That's interesting, but I really would rather write something stripped down with X as the base, though. This might be a good intermediary step, though.
It just feels like the wrong approach to me. Ripping the buffer management/KMS/DRI part out of a Wayland compositor as a starting point is reasonable, but if you pull XWayland along you pull most of Xorg along, with most of the maintenance / legacy hassle that brings.
An X server selectively deprecating older functionality can be lean. There are lots of the protocol you can just ignore, and what's left is fairly easy to implement. Time consuming, but easy.
> An X server selectively deprecating older functionality can be lean.
Is that actually true?
The big problem is that Xlib uses a lot of the dusty corners and the people using X11 apps expect those dusty corners to work. And Xlib is very, very, very badly architected in many places and you still have to do something sane or the apps won't work.
If you get Xcb right, you at least pick up Qt and that gets you probably 80+% of the modern apps.
It really depends on your personal needs, so your mileage may wary, but having run xtruss on most of the X11 programs I use: It's true for me at least.
The key thing is that most modern clients (and Xlib vs. Xcb doesn't matter much in this respect) use exceedingly few features of the protocol.
E.g. you'll find very few modern clients that actually uses the X protocol to draw lines with any complex options. You'll also find very few attempts at using exotic visuals, because most X servers won't support them anyway.
To take a more extreme example: You could probably get away with just ripping out most or all server-side font-rendering support. Most modern X apps use Xrender, and render the glyphs client side and creat a glyph set via Xrender or just render the whole buffer client side.

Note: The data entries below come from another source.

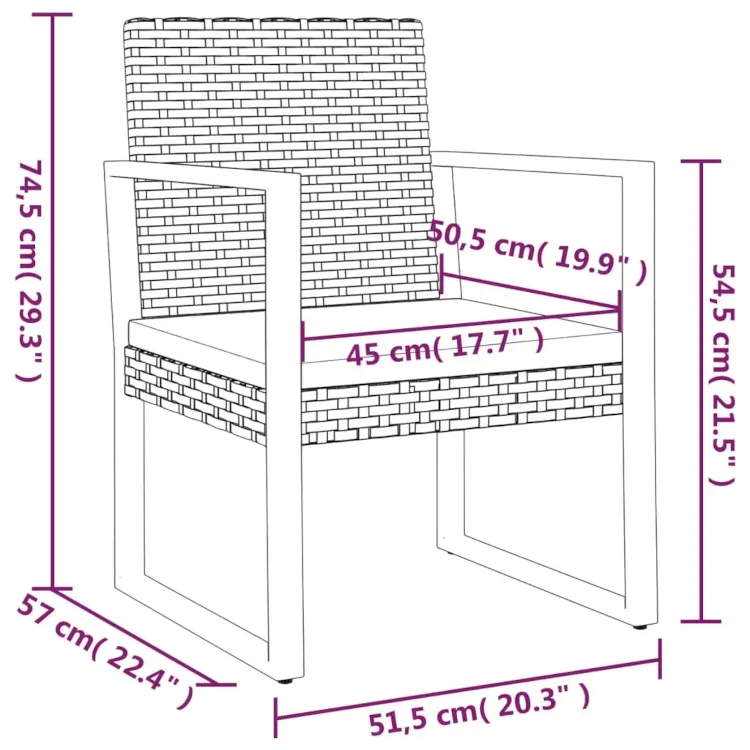 • Wymiary krzeseł: szerokość: 51,5 cm, głębokość: 57 cm, wysokość: 74,5 cm.
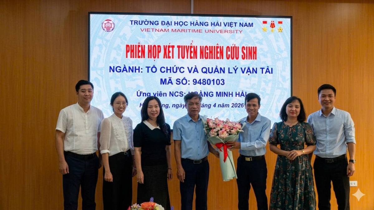 Sáng ngày 18/04/2026, tại Phòng 204, Nhà A6, Viện Đào tạo Sau đại học - Trường Đại học Hàng hải Việt Nam đã tổ chức phiên họp xét tuyển nghiên cứu sinh ngành Tổ chức và quản lý vận tải mã số 9840103 cho ứng viên Hoàng Minh Hải và ngành Quản lý kinh tế, mã số 9310110 cho ứng viên Nguyễn Lê Mạnh Cường.
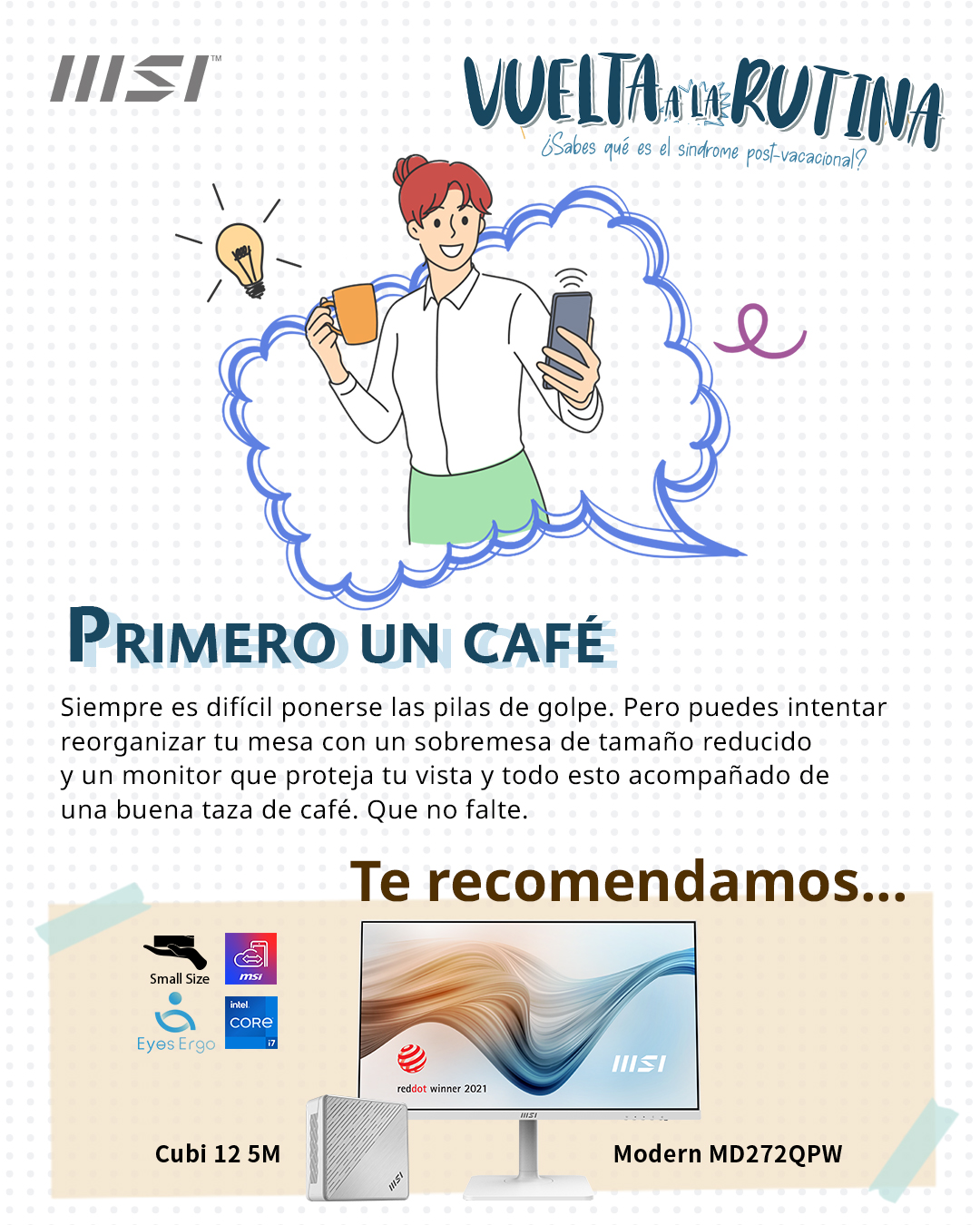 Siempre es difícil ponerse las pilas de golpe. Pero puedes intentar reorganizar tu mesa con un sobremesa de tamaño tamaño reducido y un monitor que proteja tu vista y todo esto acompañado de una buena taza de café. Que no falte.
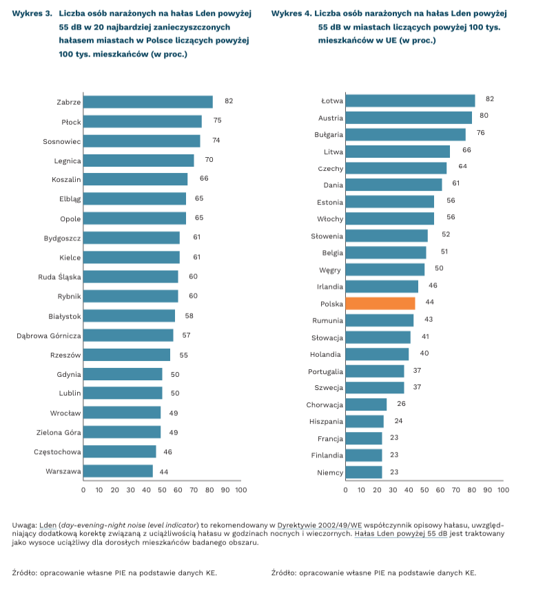 Aż o 11 pkt. proc. mogą rozminąć się kraje UE z przyjętymi celami związanymi z redukcją hałasu komunikacyjnego w UE. W Komunikacie „Plan działania UE na rzecz elimanacji zanieczyszczeń wody, powietrza, gleby” z 2021 r., w celu minimalizacji zanieczyszczeń hałasem, określono cel szczegółowy polegający na ograniczeniu do 2030 r. udziału osób długotrwale narażonych na hałas komunikacyjny o 30 proc. w stosunku do poziomu z 2017 r. Spełnienie tego celu może okazać się problematyczne. Według szacunków KE, do 2030 r. wartość ta zmniejszy się tylko o 19 proc., o ile nie zostaną wprowadzone dodatkowe rozwiązania na poziomach krajowym, regionalnym i lokalnym.

Removing those will break apps, including some that some people care about (like xterm), but API surface is similar enough that it'd be reatively easy to fix the few apps people care about, or just providing an optional shim for Xlib as a temporary measure.
For own my own use, if I were to write an X server to meet my needs, I'd just not support it - I've checked with xtruss and none of the apps I care about rely on server-side fonts at all, and none of them use any drawing primitives but the most basic line drawing and rectangles either, and all of them are capable of handling an X server that refuses anything but truecolor visuals.
I could rip out large parts of the drawing code from Xorg and all the apps I run would still work just fine...
For other people, of course, this would be a different matter, and that's fine. But I think moving a bunch of that code to an Xlib-compatible library to handle client side as a means to carry over legacy apps would be an option as a means to let people evolve leaner X servers and move shift the hassle of managing legacy code to those who care about the legacy apps.
I mean unless you're going to commit to maintaining xlibre or something, wayback seems like the future for x-based desktops.
> [wayback] is intended to eventually replace the classic X.Org server, thus reducing maintenance burden of X11 applications, but a lot of work needs to be done first.